Stored data entries:
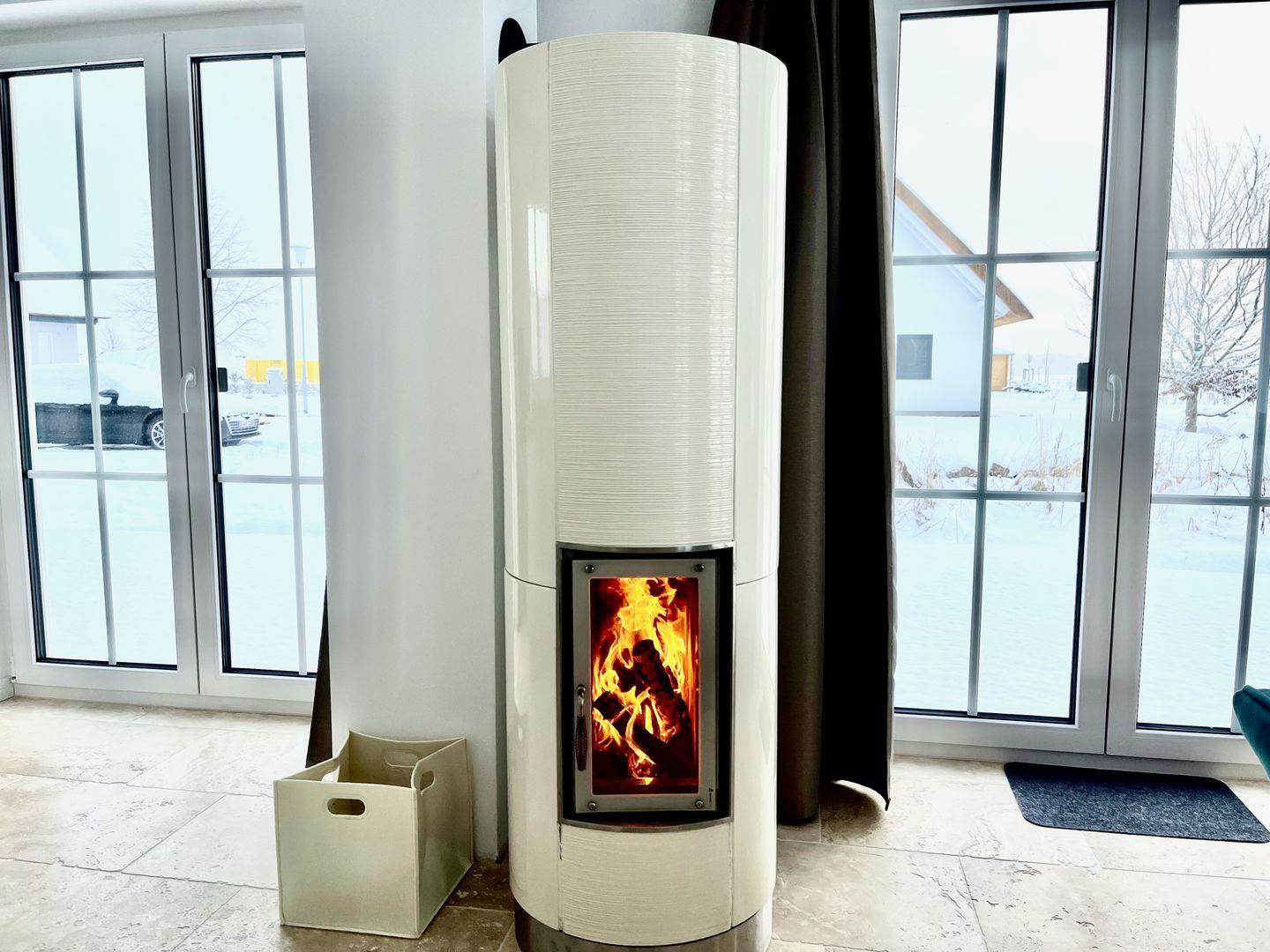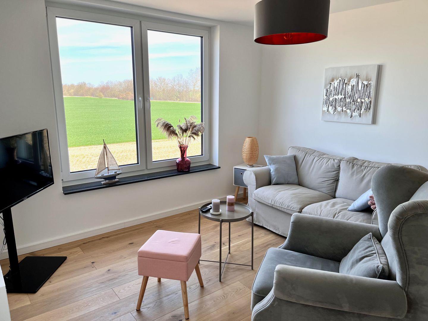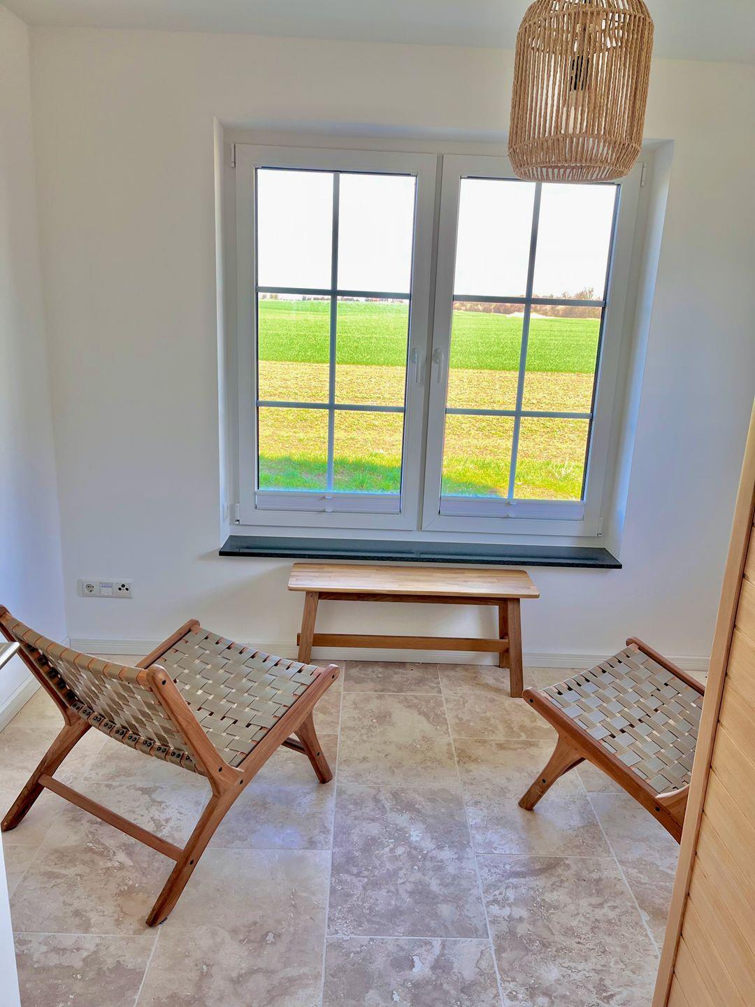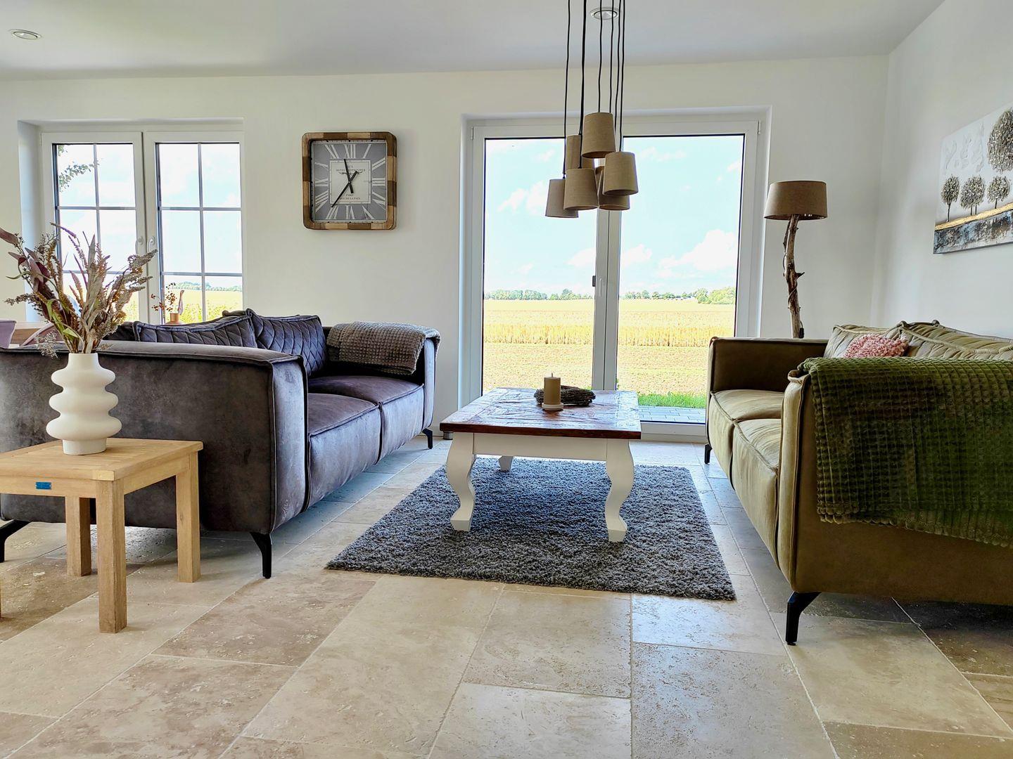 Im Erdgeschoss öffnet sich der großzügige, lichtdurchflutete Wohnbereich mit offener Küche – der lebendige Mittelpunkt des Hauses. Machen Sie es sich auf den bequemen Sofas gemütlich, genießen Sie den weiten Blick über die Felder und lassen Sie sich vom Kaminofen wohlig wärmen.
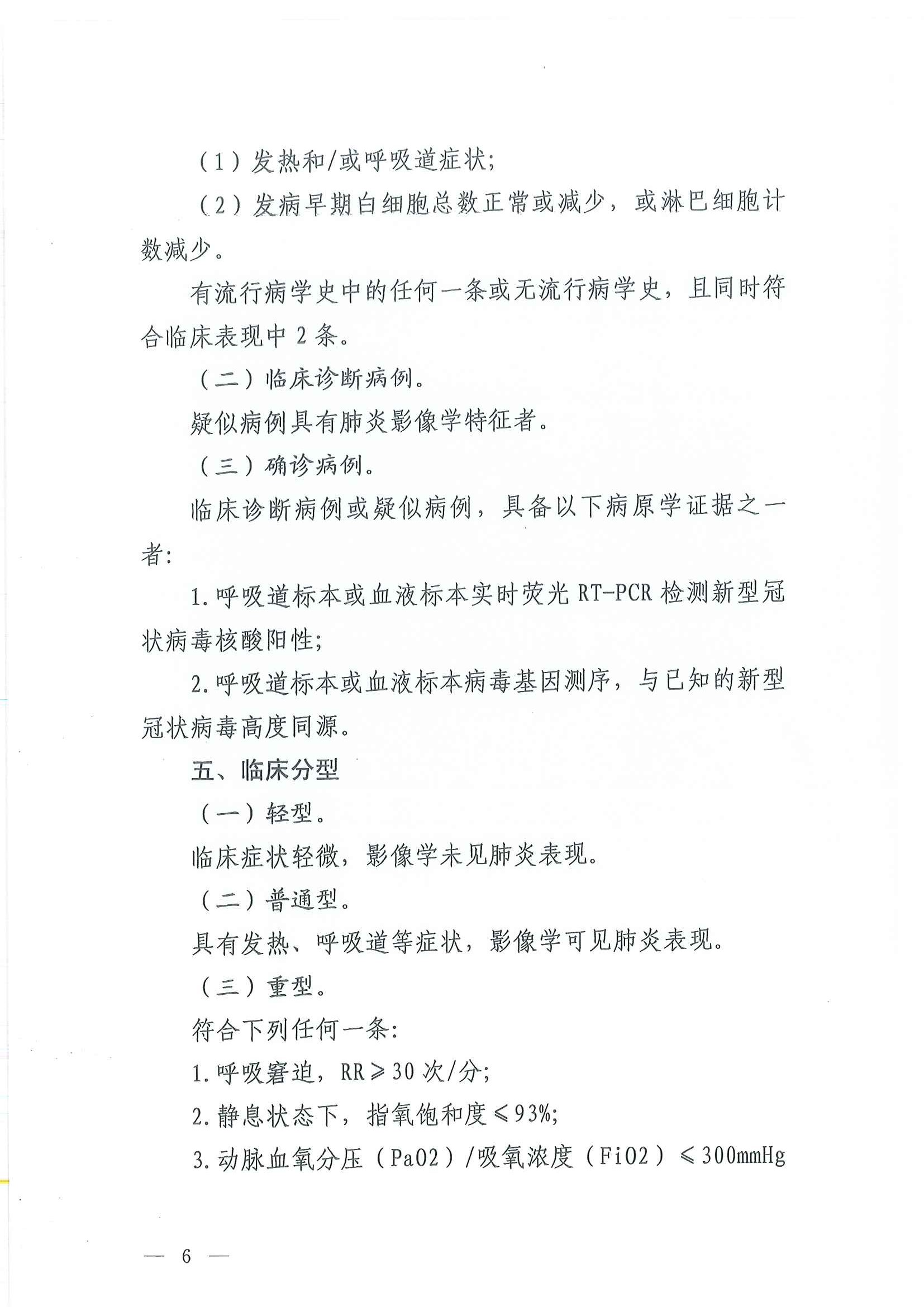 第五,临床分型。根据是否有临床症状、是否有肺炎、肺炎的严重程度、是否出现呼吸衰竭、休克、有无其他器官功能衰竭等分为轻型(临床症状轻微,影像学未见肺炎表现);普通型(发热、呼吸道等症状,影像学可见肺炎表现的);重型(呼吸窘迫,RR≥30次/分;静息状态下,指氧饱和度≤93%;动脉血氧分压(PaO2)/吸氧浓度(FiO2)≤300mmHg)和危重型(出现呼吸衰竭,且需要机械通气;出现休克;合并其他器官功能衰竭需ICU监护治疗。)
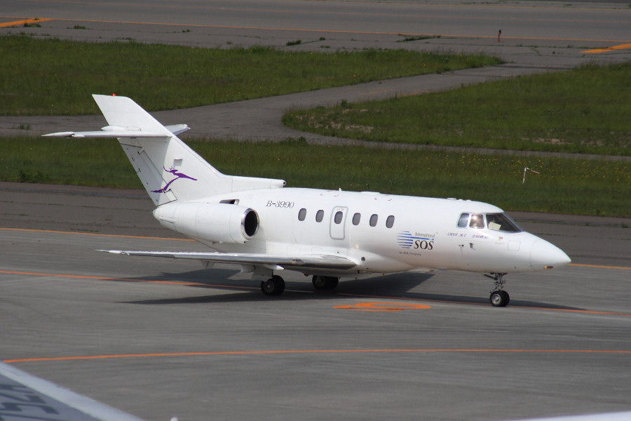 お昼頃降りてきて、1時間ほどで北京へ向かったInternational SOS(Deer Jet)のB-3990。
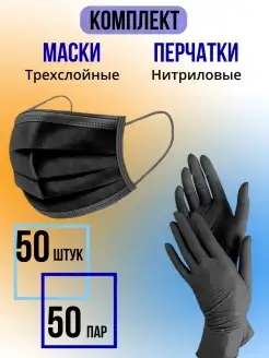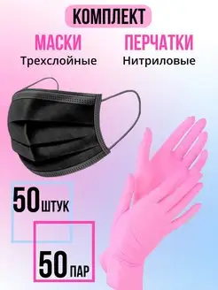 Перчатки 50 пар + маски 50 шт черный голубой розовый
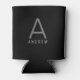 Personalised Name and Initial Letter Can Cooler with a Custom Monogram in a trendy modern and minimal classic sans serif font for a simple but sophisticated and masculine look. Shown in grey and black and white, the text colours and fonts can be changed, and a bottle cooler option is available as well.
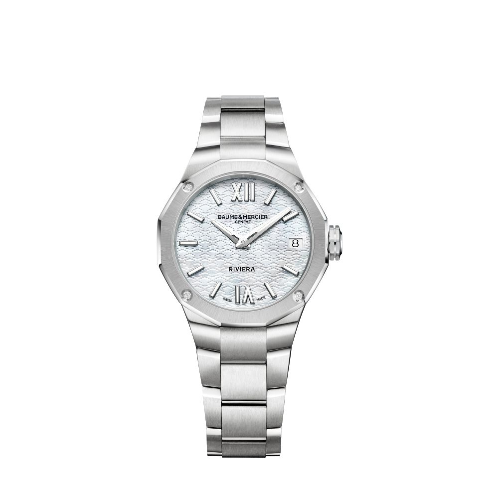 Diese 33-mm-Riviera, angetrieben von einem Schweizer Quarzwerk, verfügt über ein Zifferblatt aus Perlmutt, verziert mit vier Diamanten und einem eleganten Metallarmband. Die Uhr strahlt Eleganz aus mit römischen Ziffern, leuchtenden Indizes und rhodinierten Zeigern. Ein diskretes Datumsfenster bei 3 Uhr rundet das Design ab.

__TASK TO CARRY OUT__: Copy exactly the lines from the one containing "Personalised Name and" through the final line of the records above, both included, and leave out any pictures.

__ANSWER SPACE__:
 Personalised Name and Initial Letter Can Cooler with a Custom Monogram in a trendy modern and minimal classic sans serif font for a simple but sophisticated and masculine look. Shown in grey and black and white, the text colours and fonts can be changed, and a bottle cooler option is available as well.
 Diese 33-mm-Riviera, angetrieben von einem Schweizer Quarzwerk, verfügt über ein Zifferblatt aus Perlmutt, verziert mit vier Diamanten und einem eleganten Metallarmband. Die Uhr strahlt Eleganz aus mit römischen Ziffern, leuchtenden Indizes und rhodinierten Zeigern. Ein diskretes Datumsfenster bei 3 Uhr rundet das Design ab.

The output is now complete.